As I have promised in my last post, I am uploading today the introduction of my Baskeet song DVD and an example clip.
Some additional information on what you can see in the introduction: After the map, the order of pictures is as follows: 1. wood and maize stalk market in Laska, 2. Baskeet bamboo trumpet trio (Shawayye Tebejje, Worada Geebiro, Biits’o Its’into), 3. dance scene in Saattsa (Adino Dazhani and K’oyaaso Maammo), 4. Wondu Sooddo playing a small bamboo flute, and 5. Babbana Tokkiso playing a moyza-horn.
The music in the background to the introduction is a very popular wedding song (Sibaake Siwaane); the song is performed by Tal’ane Abusho and Mahane Dohanbaabo, who are also shown on the cover of the DVD.
The example clip presented below is also taken from the DVD (I reduced the file size and the resolution quality of the video):
This lyre song is performed by Messele Lipaato (lyre) and Allayo Lanc’o, two cousins from the Awra Soosta-K’äbäle of the Basketo Special Wäräda. Messele Lipaato is one of the most talented and versatile lyre and flute players that I have met in Baskeet.
The popular dance song on the video clip is called Shulshula, which translates as ‘bamboo flute’, probably because it is an adaptation of a flute song to the lyre.

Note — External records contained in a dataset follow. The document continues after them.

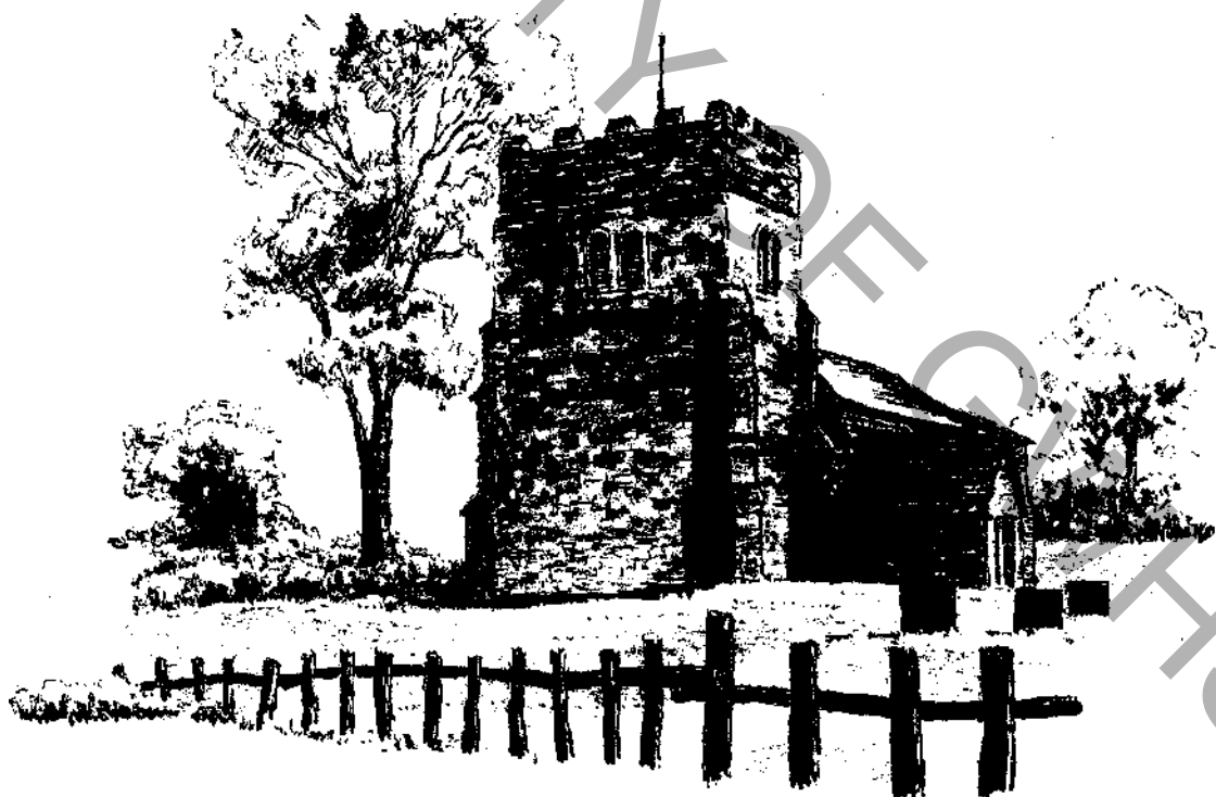
St Giles Church Great Stretton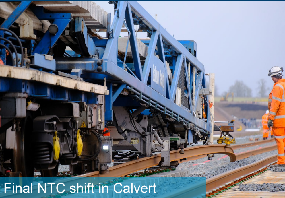
Final NTC shift in Calvert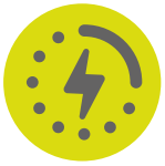
Smart charge Ports USB 5 volt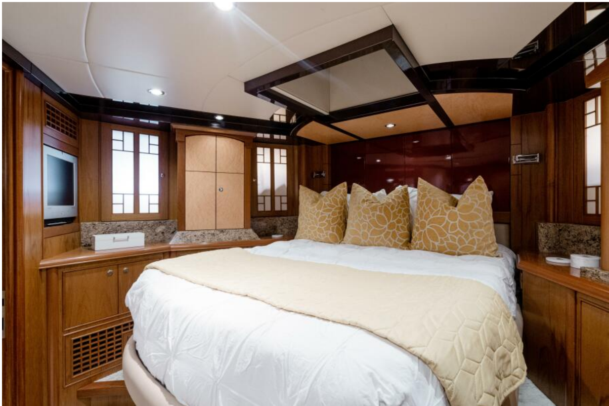
VIP Cabin VIP Cabin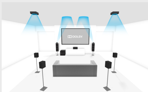
Perspective detail for 7.1.4 hybrid setup

This refers to how many overhead or Dolby Atmos enabled speakers you can use in your Dolby Atmos capable setup.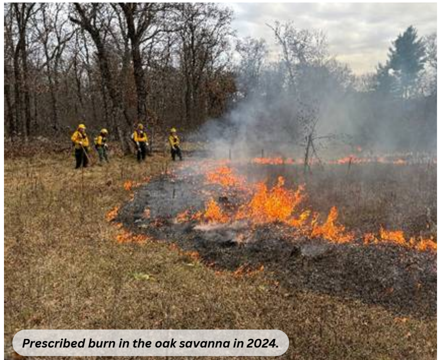
Prescribed burn in the oak savanna in 2024.

Wild River is undertaking a 10-acre oak savanna restoration, which happens to be a beloved plant community for red-headed woodpeckers. It's also rare, covering only about 1% of its historic Minnesota range. They nest in dead tree cavities and “fly-catch” insects in the open understory. Next time you come to the park, look for them from the main park road between the trail center and visitor center turnoffs. During the summer, we'll be offering Woodpecker Walk & Talks and evening programs about woodpeckers and oak savannas. These will be on the park's event calendar.

Note that Allayo Lanc’o also happens to hold a shulshula-flute in his hand.
Unfortunately, the videos are not yet subtitled and only accessible to Baskeet speakers, who are thus the primary addressees of this DVD. In their Shulshula-song, Messele and Allayo speak about the geographical environment they live in and they present themselves in relation to their close and extended relatives and friends. In a paragraph towards the end of the song, Messele also bemoans the fact that in these times of rapid Prostestantisation* musicians like him are just written off as “crazy” and “drunkards”.
Two characteristic features of Baskeet performances can also be detected in this non-typical staged performance: The exclamation Saadda! ‘To the ground!’ is repeatedly used to encourage the (imagined) listeners to dance. The baboon-like cry, which is heard at 5min32 and 6min50, is a typical cry of encouragement at any Baskeet group event (dances, funeral procession, cooperative work).
Finally, a word on the unusual stripy background in front of which the video was produced: I found it very difficult to find an easily accessible, quiet and not too echoey place for my recordings. Most of the videos were made in the Office of Culture, Information and Tourism in Lower Laska, because it is a guarded compound and is located far from mills with chugging diesel engines, eateries with blaring music and churches broadcasting sermons via loudspeakers. However, in the early mornings and during power outages (which silenced the constant stream of Pentecostalist pop music from the eatery next door), I could also make some videos in the little room where I lived and worked. This had the advantage of not having to carry my equipment around, not having to instruct the musicians where to meet me, being able to keep myself busy while waiting for an appointment and, most importantly, obtaining better sound because the mud walls of my room produced no echoes.
However, the room was tiny and I had to squeeze the musicians into one corner and myself into another:
And as you can clearly see, the little room had another major drawback. When I moved into it, I had the walls covered with sackcloth (rather than Emirati or Chinese newspapers) and the only sackcloth design available in town was the stripy one that you can see on the video above (and, unfortunately, on many other videos as well).
Anyway, these are my first (admittedly very amateurish!) video-recordings. They leave much room for future improvements. They may not (yet) be very appealing to people outside Baskeet (the subtitling is planned for the end of the year) but I am quite sure that they will be appreciated by the community.